Chodzi o nowelizację ustawy o społecznych formach rozwoju mieszkalnictwa. Przewiduje ona budowę nowych mieszkań ze środków budżetu gmin lub Skarbu Państwa. W założeniu jest więc to działalność niekomercyjna, dzięki czemu takie mieszkanie może być sprzedane lub wynajęte taniej niż na wolnym rynku. Według przepisów, które chce wprowadzić resort sprawiedliwości, nie będzie można kupować takich mieszkań na zasadzie "kto pierwszy, ten lepszy". Mają one trafiać wyłącznie do osób potrzebujących, które nie mogą uzyskać prawa do lokalu socjalnego i nie stać ich na wzięcie kredytu hipotecznego.
"Wejście w życie projektu powinno spowodować eliminację zjawisk patologicznych, w tym korupcjogennych, a co za tym idzie zwiększenie dostępności lokali mieszkalnych dla osób rzeczywiście ich potrzebujących" - czytamy w uzasadnieniu ustawy, cytowanej przez WP.

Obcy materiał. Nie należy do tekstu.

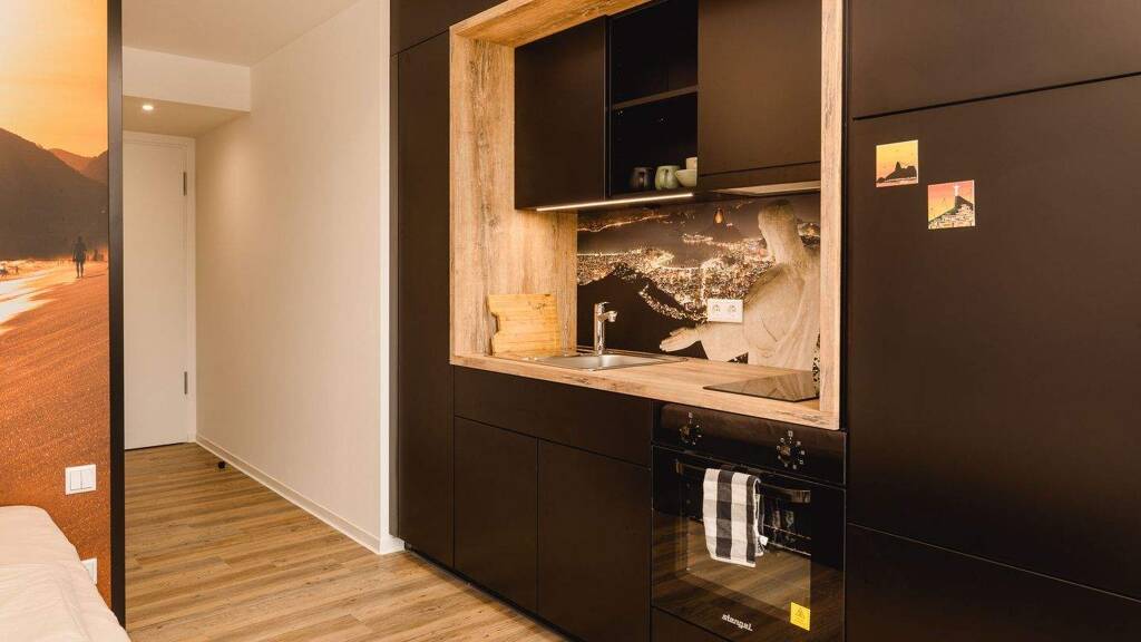 Urban Living in Brazilian Style In a central location in Rostock, 180 fully furnished lifestyle apartments ranging from approx. 18 to 42 m² await you. Each apartment is high-quality furnished, features its own kitchen and a private bathroom in the distinctive Brazilian style – compact, modern and perfectly designed. Ideal for students, commuters, interns and young professionals.

Więcej informacji z kraju i ze świata na stronie głównej Gazeta.pl
Dodatkowo nowe przepisy przewidują zakaz zawarcia umowy najmu ze społeczną inicjatywą mieszkaniową przez m.in. ważnych urzędników państwowych i samorządowych oraz prezydentów miast, burmistrzów, wójtów, a także członków rad gmin i miast.
Projekt ustawy stworzony przez Ministerstwo Sprawiedliwości nie był jeszcze konsultowany z innymi ministerstwami, ale w najbliższym czasie ma zostać oficjalnie przedstawiony.